JoVE Logo
АВТОРЫ
СВЯЖИТЕСЬ С НАМИ

Войдите в систему

Для просмотра этого контента требуется подписка на Jove Войдите в систему или начните бесплатную пробную версию.

В этой статье

  • Резюме
  • Аннотация
  • Введение
  • протокол
  • Результаты
  • Обсуждение
  • Раскрытие информации
  • Благодарности
  • Материалы
  • Ссылки
  • Перепечатки и разрешения

Резюме

Здесь мы представляем протоколы культивирования человеческих пародонтальных связок (PDL) клеточных сфероипов по пленкам хитозана. Культура трехмерных (3D) клеточных сфероидов является альтернативой обычной системе культуры тканей (TCPS).

Аннотация

Клетки пародонтальной связки (PDL) имеют большие перспективы для регенерации тканей пародонта. Условно, клетки PDL культивируются на двухмерных (2D) субстратах, таких как полистирол культуры тканей (TCPS). Тем не менее, характерные изменения клеток PDL наблюдались во время культуры in vitro. Это явление, вероятно, потому, что 2D TCPS отличается от in vivo трехмерной (3D) микросреды. По сравнению с клетками, культивируемыми на 2D субстратах, клетки, выращенные в 3D микроокружении, обладают большим сходством с клетками in vivo. Таким образом, модели культуры 3D-клеток являются перспективной альтернативой традиционной 2D монослойной клеточной культуре. Для улучшения традиционных моделей культуры клеток PDL мы недавно разработали метод 3D-культуры клеток, который основан на сфероидном образовании клеток PDL на пленках хитозана. Здесь мы представляем подробные протоколы клеточной сфероидной культуры, основанные на фильмах хитозана. 3D-система культуры PDL клеточных сфероидов преодолеть некоторые ограничения, связанные с обычной 2D монослойной клеточной культуры, и, таким образом, может быть пригодным для производства PDL клеток с повышенной терапевтической эффективностью для будущего регенерации ткани пародонта.

Введение

Пародонтит, инициализированный главным образом зубной налет1, характеризуется повреждением пародонтальных тканей, включая пародонтальные связки (PDL), альвеолярной кости и цемента. Текущие методы лечения пародонтита, как правило, успешно предотвращают прогресс активного заболевания, но регенерация потерянных тканей пародонта остается клинической проблемой. В последнее время был достигнут значительный прогресс в клеточных подходах к регенерациитканей пародонта, чтобы преодолеть недостатки текущих методов лечения 2,3,4.

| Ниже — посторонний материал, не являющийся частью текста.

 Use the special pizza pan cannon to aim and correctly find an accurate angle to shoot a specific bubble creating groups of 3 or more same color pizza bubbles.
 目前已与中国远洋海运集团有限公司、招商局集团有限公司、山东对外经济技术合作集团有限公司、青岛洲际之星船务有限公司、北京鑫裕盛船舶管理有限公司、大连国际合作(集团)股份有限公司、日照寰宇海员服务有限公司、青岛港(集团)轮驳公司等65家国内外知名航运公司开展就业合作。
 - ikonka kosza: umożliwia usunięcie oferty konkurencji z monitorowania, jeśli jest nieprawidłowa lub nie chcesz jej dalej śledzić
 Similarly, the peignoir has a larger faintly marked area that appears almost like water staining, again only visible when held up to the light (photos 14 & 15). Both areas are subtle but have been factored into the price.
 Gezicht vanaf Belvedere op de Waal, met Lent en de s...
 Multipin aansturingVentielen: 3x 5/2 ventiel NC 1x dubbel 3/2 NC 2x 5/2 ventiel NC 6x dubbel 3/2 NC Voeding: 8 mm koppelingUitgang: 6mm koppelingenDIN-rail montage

Наш предыдущий систематический обзор показал, что PDL клетки показали большой потенциал для регенерации пародонта5. Условно, клетки PDL культивируются на двухмерных (2D) субстратах, таких как полистирол культуры тканей (TCPS). Однако характерные изменения клеток PDL наблюдались во время культуры in vitro6. Это явление, вероятно, потому, что 2D TCPS отличается от in vivo трехмерной (3D) микросреды7. По сравнению с клетками, культивируемыми на 2D субстратах, клетки, выращенные в 3D микроокружении, обладают большим сходством с клетками in vivo8. Таким образом, модели культуры 3D-клеток являются перспективной альтернативой традиционной 2D монослойной клеточной культуре.

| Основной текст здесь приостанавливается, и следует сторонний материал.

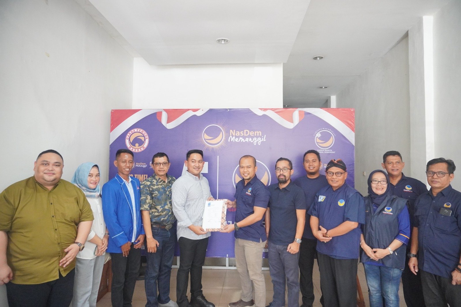 Setelah mendaftarkan diri ke DPC PKB Kota Banjarbaru, bakal calon Wali Kota Banjarbaru Andoko Abdi mendaftar pencalonan ke DPD Partai NasDem.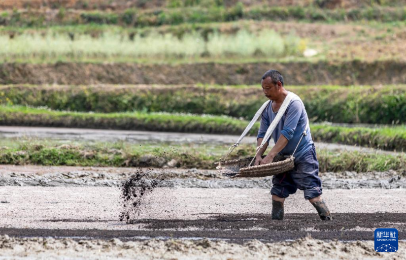 4月14日,村民在貴州省黔西市文峰街道雙星社區(qū)農(nóng)田播種育秧。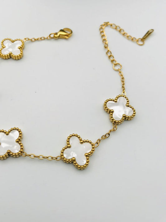 Five of White Pearl Enamelled Clover Charms Golden Bracelet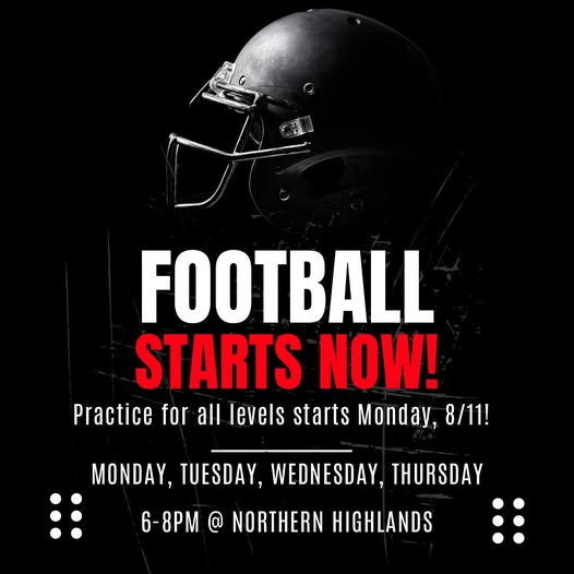 It’s football time! Last call to register for football & cheer - registration closes at midnight tonight! Football practice starts tomorrow, at Northern Highlands. Monday - Thursday, 6-8pm. (fb)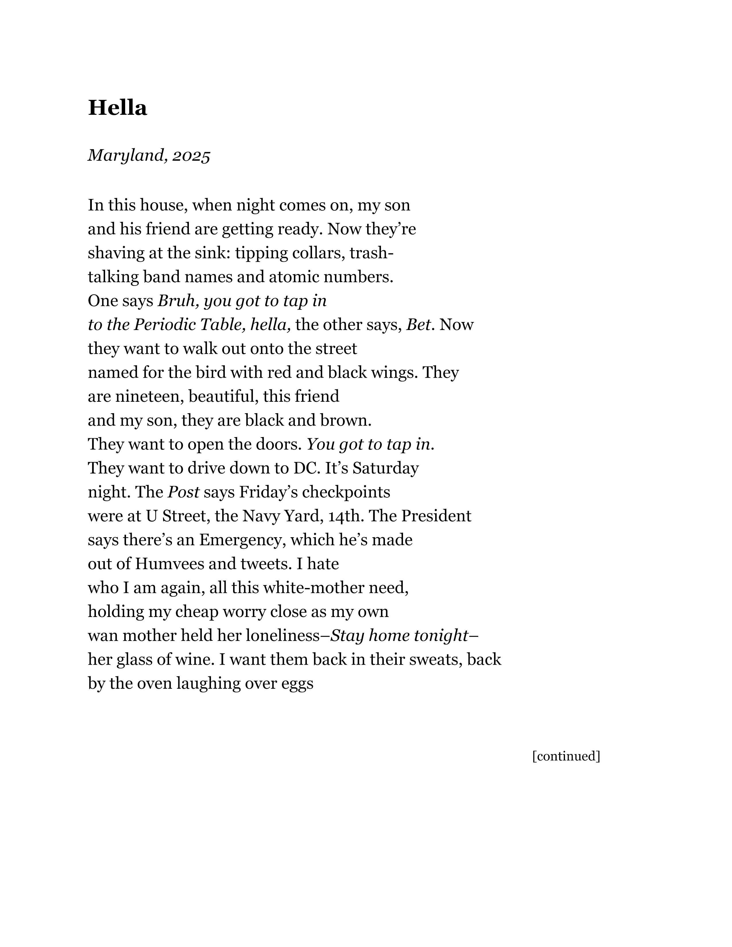 I never had children of my own. But for the first time in 26 years, all of my students are Black and Brown—like the teens in “hella,” beautifully winged birds covered with more of my mother-worry than I previously thought possible. I too fear sending them into a world of tweeted checkpoints and ICE alerts when I must educate them on why they should care our monuments are being torn down, our history erased and rewritten. Yesterday they joked about water spilled on the classroom floor. I told them we’re being drowned, again. Today one of my young ladies asked about the difference between “race,” “ethnicity,” and “nationality.” A lesson I often taught in predominately white spaces hits different for students proud of being Haitian, Puerto Rican, Cape Verdean, Bahamian, Bajan, and Jamaican. Faces only seen as “Black” when venturing the map of lighter neighborhoods. I explained the term “African-American” as the trans-Atlantic slave trade, the hyphen representing the ocean between continents. Told them how a colleague once—without missing a beat—replied, “…and if you look real close, you can see the boat.” Only one student thought to ask if that former colleague was white.

Обычный метод 3D-культуры инкапсулирует клетки в 3D биоматериалах. По сравнению с клетками, инкапсулированными в 3D биоматериалах, клеточные сфероиды более тесно имитируют ситуацию in vivo, потому что сфероиды являются агрегатами клеток, растущих свободными от посторонних материалов9,10,11, 12. Сообщается, что клеточные сфероиды способствовали биоактивности MSC путем сохранения внеклеточных матричных (ECM) компонентов, включая фибронектин и ламинин13. Для улучшения обычных моделей культуры клеток PDL, мы недавно разработали метод культуры 3D PDL, который основан на сфероидном образовании клеток PDL на пленках хитозана14. Сфероидное образование увеличило способность самообновления и остеогенной дифференциации клеток PDL14. Здесь мы представляем подробные протоколы pdL клеточной сфероидной культуры, основанные на фильмах хитозана. 3D-система культуры PDL клеточных сфероидов преодолеть некоторые недостатки, связанные с обычной культурой клеток TCPS, и, таким образом, может быть пригодным для производства клеток PDL с повышенной терапевтической эффективностью для будущего регенерации тканей пародонта.

протокол

Протокол исследования был одобрен Комитетом по этике школы и больницы стоматологии Университета Тонджи. Все пациенты предоставили письменное информированное согласие.

1. Изоляция клеток PDL

  1. Сделайте средство распространения для культуры клеток PDL: среда q-MEM дополнена 10% FCS и 100 U/mL пером/strep.
  2. Подготовьте контейнер со льдом для передачи изолированных третьих моляров.
  3. Стерилизовать хирургические инструменты с помощью автоклава.
  4. Извлекайте нормальные людские повлиянные на третьи molars от взрослых (18-28 лет) на зубоврачебной клинике школы и стационара Stomatology, Университет Tongji.
  5. Поместите третьи моляры в среду распространения и перенесите в лабораторию при 4 градусах Цельсия.
  6. Поместите извлеченный зуб в стерильное 100 мм чашку Петри, работая в биоопасный ламинарный капот потока.
  7. Добавьте 10 мл PBS для мытья извлеченного зуба. Повторите шаг стирки дважды.
  8. С помощью стерильного скальпеля аккуратно отделите PDL от корня.
    ПРИМЕЧАНИЕ: PDL следует выцарапать из средней третьей части корня, чтобы избежать загрязнения от деснных или акических тканей.
  9. Фарш PDL на 1-2-мм фрагменты с помощью стерилизованного лезвия скальпеля.
  10. Поместите фрагменты PDL в культурную колбу Т-25, наполненную 3-4 мл среды распространения.
  11. Культура образцов в инкубаторе при 37 градусах Цельсия в 5% CO2 с увлажненным воздухом.
  12. Изменение среды культуры после нарастания PDL клеток наблюдается. Это обычно занимает 1-2 недели для роста PDL клеток. Наблюдайте за ростом клеток PDL с помощью обратного фазового контрастного микроскопа.
  13. Изменяйте среду культуры два раза в неделю после этого.
  14. Когда клетки PDL достигли слияния, субкультурные клетки в соотношении 1:4 (проход 1).
  15. Наблюдайте рост клеток ежедневно и меняйте среду культуры два раза в неделю.
  16. Выполните каждый последующий проход в соотношении 1:4 после достижения клеток 80% слияния. Используйте клетки PDL от третьего до пятого поколения для посева клеток.

2. Подготовка хитозанов

  1. Для приготовления раствора уксусной кислоты 1% (v/v) добавьте 5 мл уксусной кислоты до 495 мл двойной дистиллированной воды в чистый стеклянный стакан.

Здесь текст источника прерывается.